Work task:
Tell how many lines in the data contain the word "имеет", and leave out everything else.

--- Extracted material ---

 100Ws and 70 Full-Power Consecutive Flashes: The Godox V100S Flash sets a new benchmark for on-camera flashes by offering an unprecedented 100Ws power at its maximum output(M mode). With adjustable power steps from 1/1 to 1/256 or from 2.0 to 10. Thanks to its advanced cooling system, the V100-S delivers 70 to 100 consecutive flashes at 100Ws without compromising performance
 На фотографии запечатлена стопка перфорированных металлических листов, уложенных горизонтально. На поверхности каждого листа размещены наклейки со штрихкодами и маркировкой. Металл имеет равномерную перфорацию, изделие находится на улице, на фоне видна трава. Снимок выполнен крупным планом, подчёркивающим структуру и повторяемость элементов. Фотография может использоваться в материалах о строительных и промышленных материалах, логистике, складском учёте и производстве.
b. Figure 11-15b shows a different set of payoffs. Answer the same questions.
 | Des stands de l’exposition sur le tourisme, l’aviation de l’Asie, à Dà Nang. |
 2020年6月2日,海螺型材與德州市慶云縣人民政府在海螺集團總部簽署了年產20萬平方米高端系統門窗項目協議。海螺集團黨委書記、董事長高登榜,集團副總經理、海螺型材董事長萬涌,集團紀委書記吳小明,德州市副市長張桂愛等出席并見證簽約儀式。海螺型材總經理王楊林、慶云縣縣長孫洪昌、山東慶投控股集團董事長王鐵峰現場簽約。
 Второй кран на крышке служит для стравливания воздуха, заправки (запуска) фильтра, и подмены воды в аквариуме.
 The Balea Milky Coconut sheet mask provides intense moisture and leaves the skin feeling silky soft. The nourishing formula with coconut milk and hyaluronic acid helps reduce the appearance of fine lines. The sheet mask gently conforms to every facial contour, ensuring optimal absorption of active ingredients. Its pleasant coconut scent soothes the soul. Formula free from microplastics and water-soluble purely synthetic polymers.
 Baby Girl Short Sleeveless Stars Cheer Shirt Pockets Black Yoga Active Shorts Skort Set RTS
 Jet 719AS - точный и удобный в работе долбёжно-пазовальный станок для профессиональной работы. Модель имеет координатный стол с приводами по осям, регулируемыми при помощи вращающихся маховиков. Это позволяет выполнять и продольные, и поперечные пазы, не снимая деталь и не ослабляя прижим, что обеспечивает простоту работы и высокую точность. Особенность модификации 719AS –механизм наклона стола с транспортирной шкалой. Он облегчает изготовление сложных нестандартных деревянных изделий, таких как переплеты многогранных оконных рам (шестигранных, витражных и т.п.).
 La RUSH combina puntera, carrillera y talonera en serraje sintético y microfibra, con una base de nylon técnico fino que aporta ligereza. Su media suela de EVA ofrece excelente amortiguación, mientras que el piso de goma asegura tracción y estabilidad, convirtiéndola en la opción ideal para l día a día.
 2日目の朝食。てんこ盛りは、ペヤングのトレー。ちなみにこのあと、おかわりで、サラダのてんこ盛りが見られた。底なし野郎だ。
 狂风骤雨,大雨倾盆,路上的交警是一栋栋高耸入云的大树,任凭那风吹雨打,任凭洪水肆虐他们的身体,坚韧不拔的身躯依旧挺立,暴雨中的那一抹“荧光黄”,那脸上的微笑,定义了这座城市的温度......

---

Answer to the exercise:
2